Number of comments this week: 2

Build error while trying to build algorithm.cc: This issue involves a build error encountered while attempting to compile the algorithm.cc file in the XLA project using Bazel, specifically related to a static assertion failure indicating that the result type must be constructible from the value type of the input range. The error appears to be linked to the use of STL algorithms that require a copy constructor, which is not available for the AllocationValue class, leading to the build failure.
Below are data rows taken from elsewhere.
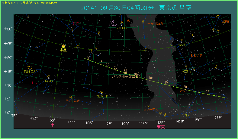 図を見ると、9月上旬は東、10月上旬は南東、10月下旬は南にあり、左から右へ移動していくことがわかります。また、高度は10月10日前後に最も高くなり、25度くらいに達することもわかります。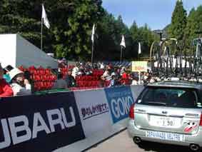 チームカーにもレガシーワゴンGTが支給されている。勾配10%以上のつづら坂を選手に混じって下るには、アグレッシブなドライビングが求められる。商用車では使い物にならない。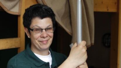 Mireia de la Aldea trabaja en el albergue InOut, en Vallvidrera (Vallès Occidental), cerca de Barcelona, casi desde que abrió, hace siete años, en 2005. Es un establecimiento donde la mayoría de los trabajadores son discapacitados. "Trabajadores que necesitan protección", prefieren llamarlo en la entidad Icària Iniciatives Socials, a la que pertenece el albergue. De la Aldea tiene 35 años, una discapacidad intelectual y se encarga de la limpieza: dormitorios, baños, espacios comunes. Le encanta su trabajo: "Antes había trabajado en serigrafía y estaba bien, pero esto me gusta más, por el contacto con los clientes, que vienen de todo el mundo (Francia, Italia e incluso China) y porque estamos en plena naturaleza, en medio del bosque". El InOut es un albergue urbano pero está a 15 minutos de Barcelona en tren, en Collserola.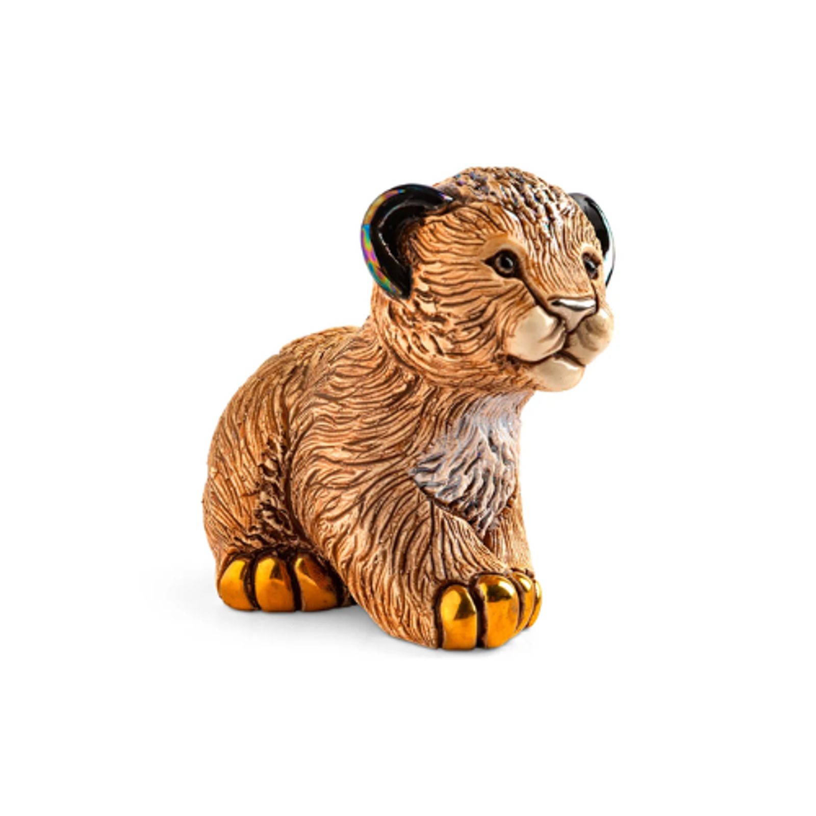 Keramická, ručně vyřezávaná a malovaná figurka lvíčete v béžové barvě od výrobce De Rosa. Každá tvorba sbírek De Rosa Collections je výsledkem jedinečného ručního procesu nejvyšší technické a umělecké kvality. Každá figurka je ručně vyřezávaná a malovaná v Uruguayi. Figurky jsou zvýrazněny platinou, zlatem a zářivými emailovými glazurami.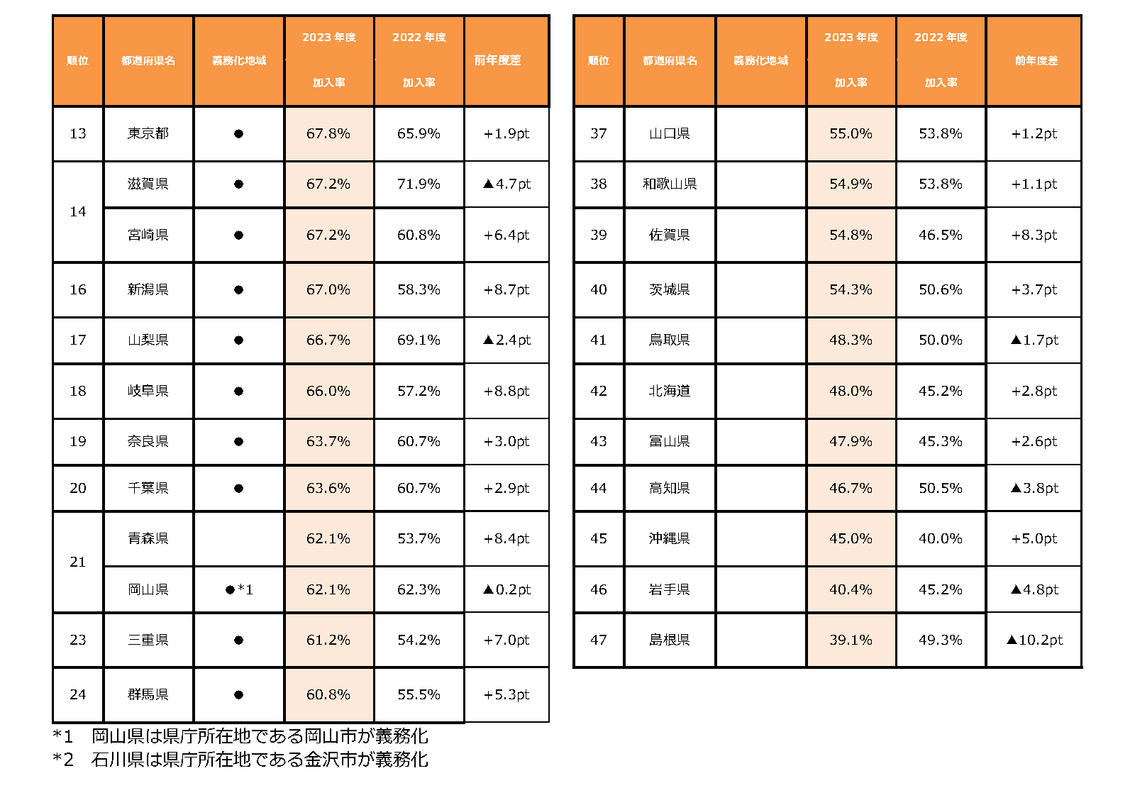 2019年度は1.3ポイント、2020年度は2.2ポイント、2021年度は3.1ポイントと年々加入率の伸び幅が拡大してきましたが、2022年度は0.9ポイントと過去最小の伸び幅になりました。しかし、2023年度は2.1ポイント上昇となり、再び伸び幅が拡大しました。

The commenter suggests that the issue arises from STL algorithms using the copy constructor, causing the error. They resolved it by implementing a move constructor and a move assignment operator for the AllocationValue class and deleting the copy constructor to force the use of the move constructor. They also express surprise that others have not encountered this issue.
Number of comments this week: 1

GPU mocking hangs the compiler (in autotuning): This issue involves a problem with the GPU mocking feature in a GitHub project, where using GPU mocking to simulate multiple processes causes the autotuner sharding to hang when attempting to retrieve autotuning results from the mock processes. The provided JAX code snippet demonstrates the issue, which occurs during the compilation process when the autotuner is engaged.

The comment section provides a stack trace of the hang and suggests that the issue might be related to the use of a key-value store with GPU mocking. A potential solution is proposed, which involves avoiding the use of the key-value store in this context, and a related pull request is mentioned.
Number of comments this week: 1

[Proposal] Extract the Profiling Subsystem into a Dedicated OpenXLA Repository: This issue proposes extracting the XLA profiling subsystem into a dedicated repository within the OpenXLA organization to make it more accessible to other projects without requiring a dependency on the entire XLA monorepo. The proposal highlights the subsystem's modular and extensible design, which could benefit the broader machine learning ecosystem by providing a focused repository for high-performance C++ tracing infrastructure.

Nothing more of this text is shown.